Melatonin preparations are available in Russia without a prescription, but you should not take them without an in-person consultation with a doctor, either to correct sleep disorders or to prevent or treat COVID-19.

Risks of Taking Melatonin

Melatonin is considered safe for short-term use - for example, to restore sleep patterns. Even taking single extreme doses is unlikely to cause harm. There is not yet enough data on long-term use to consider it completely safe, but there are few risks. Here are the ones worth keeping in mind.

  1. Melatonin has side effects.

    Headache, dizziness, daytime sleepiness and nausea are rare but do occur. They may be an individual reaction or a consequence of too high a dosage (above 3 mg). Melatonin also inevitably causes drowsiness immediately after taking it, so it is best to avoid driving or operating machinery for five hours after taking the supplement.

  2. Melatonin may interfere with the way medications work.

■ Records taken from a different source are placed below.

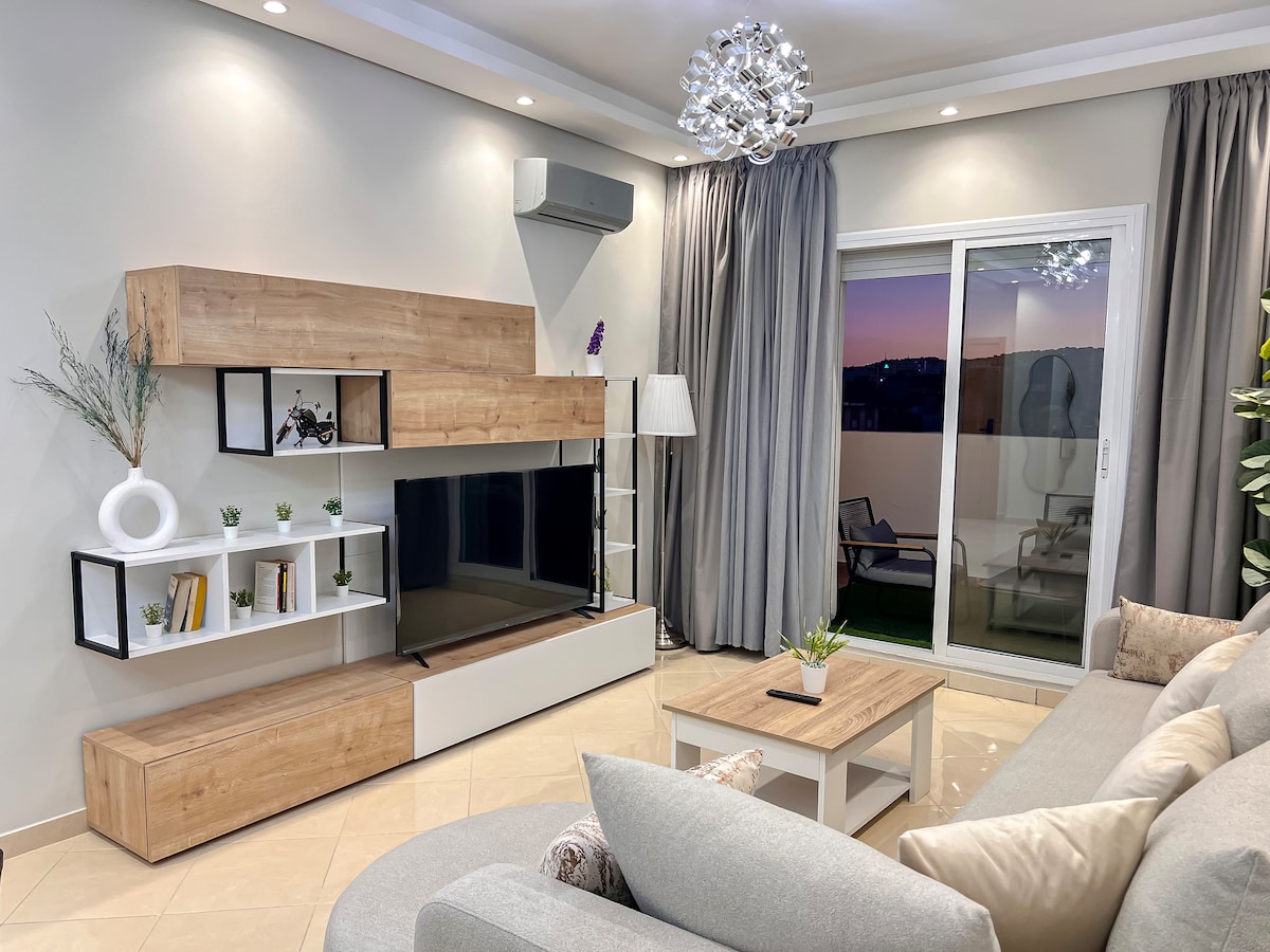 Üdvözlünk vadonatúj, két hálószobás lakásunkban, amely Tangiers egyik elsőrangú területén található. Ez a luxus ingatlan a város egyik legkeresettebb környékén található, 24 órás ügyintézővel, és mindössze 10 perc sétára van a vasútállomástól, a City Centre Mall bevásárlóközponttól, az Ibn Battuta Mall bevásárlóközponttól és a strandoktól. Kényelmet és luxust is kínál a küszöbödön. Privát parkolóhely áll rendelkezésre. A lakás a következőkkel büszkélkedhet: optikai Wi-Fi, sofőr lehetőség és marokkói reggeli, amelyet a házvezetőnk készít (felár ellenében)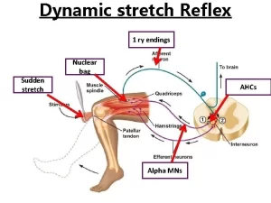 Based on the dynamic response of the primary endings to stretch: This reflex occurs while the muscle length is actually increasing, and is produced mainly as a result of the stretch of the nuclear bag fibers (rapidly adapting receptors). The response is a rapid increase in the rate of discharge from the primary endings as they are very sensitive to the velocity of the change in muscle length during a stretch followed by a marked decrease when the new length is maintained. It provides information about the speed of movements to allow for quick corrective movements.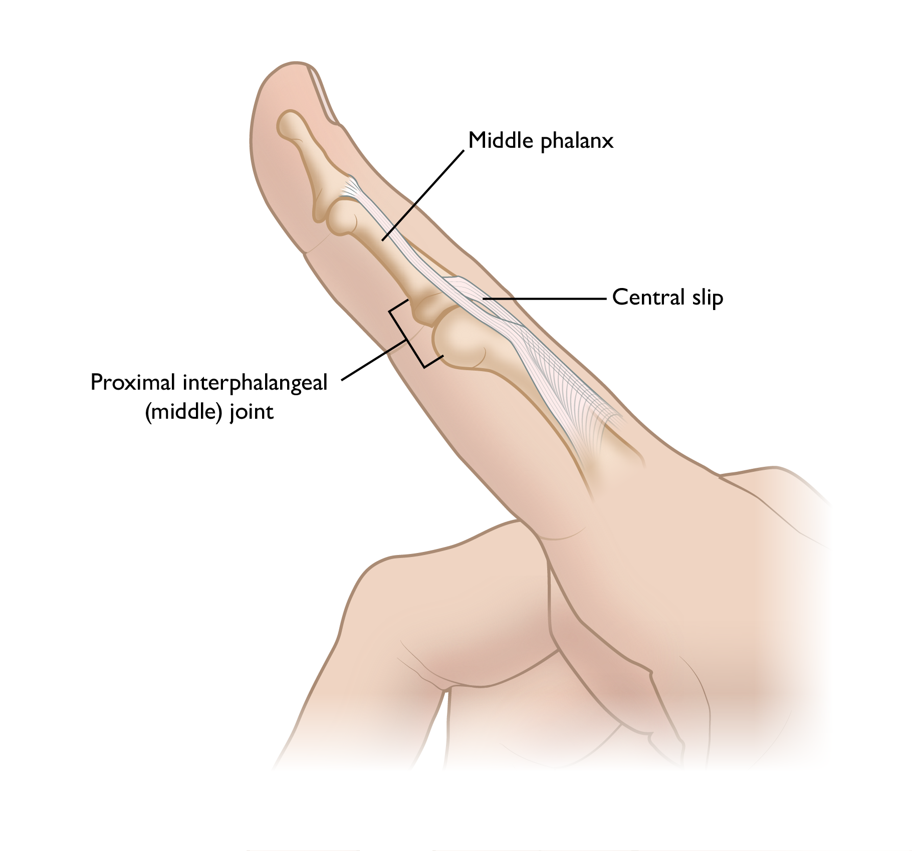 - A forceful blow to the top (dorsal) side of a bent (flexed) middle joint of a finger, causing rupture of the central slip or fracture of the bone where the central slip connects to the middle bone of the finger (middle phalanx).

    The list of drugs that are best not taken with the supplement is quite long. Anticoagulants, antiplatelet drugs, and any supplements that reduce blood clotting when combined with melatonin increase the risk of bleeding. Antidepressants and hormonal contraceptives - cause excessive drowsiness and may worsen side effects. Diabetes medications may not work as well because melatonin reduces insulin sensitivity and production. Anticonvulsants and immunosuppressants also work worse. So if you take medications, you should consult your doctor before purchasing melatonin.

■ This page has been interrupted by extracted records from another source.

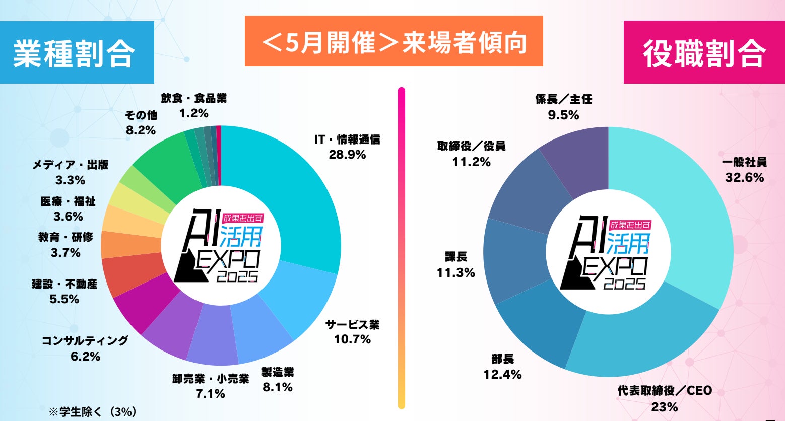 AI活用EXPOは「AIが話題になっているけれど、業務や生活にどう活かせばいいかわからない」「ツールがたくさんあって、何を使えばいいかわからない」そんな方のための展示会です。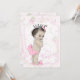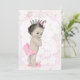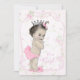 Bebê menina doce com calças rumba rosa, laço de cabelo, chinelos de coelho e coroa de princesa em um belo fundo shab chic rosa pastel. Você pode personalizar este convite de chá de bebê rosa pálido com os detalhes do seu evento no estilo de fonte, cor de fonte e texto de sua escolha.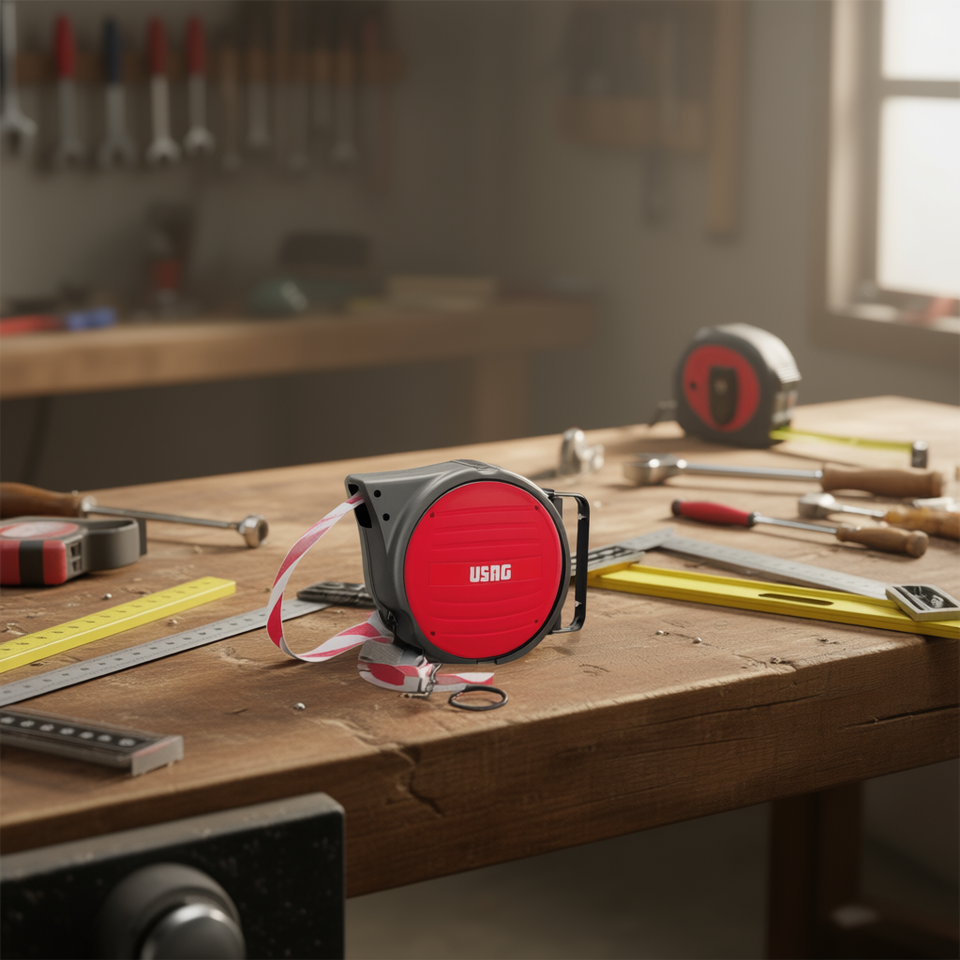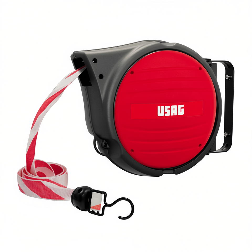 Cinta métrica retráctil Usag de 10 m con rayas rojas y blancas y gancho para medir

  3. The composition of the supplement does not always correspond to the label.

    The production of dietary supplements is not as strictly regulated as drugs. As a result, they may not contain melatonin at all or may not contain the amount indicated on the package. In 2017, researchers tested 31 melatonin supplements and found that melatonin content was within 10% of label claims in more than 71% of the supplements. 26% of the supplements also contained serotonin, which, if exceeded, can lead to serotonin syndrome, a rare but dangerous toxic reaction.

  4. It is not so easy to choose the dosage.

    The brain produces less than 0.1 g of melatonin per night. Melatonin supplements usually contain much more: 2–12 mg. This number seems excessive. Especially in the context of studies in which melatonin reduced insulin sensitivity and production.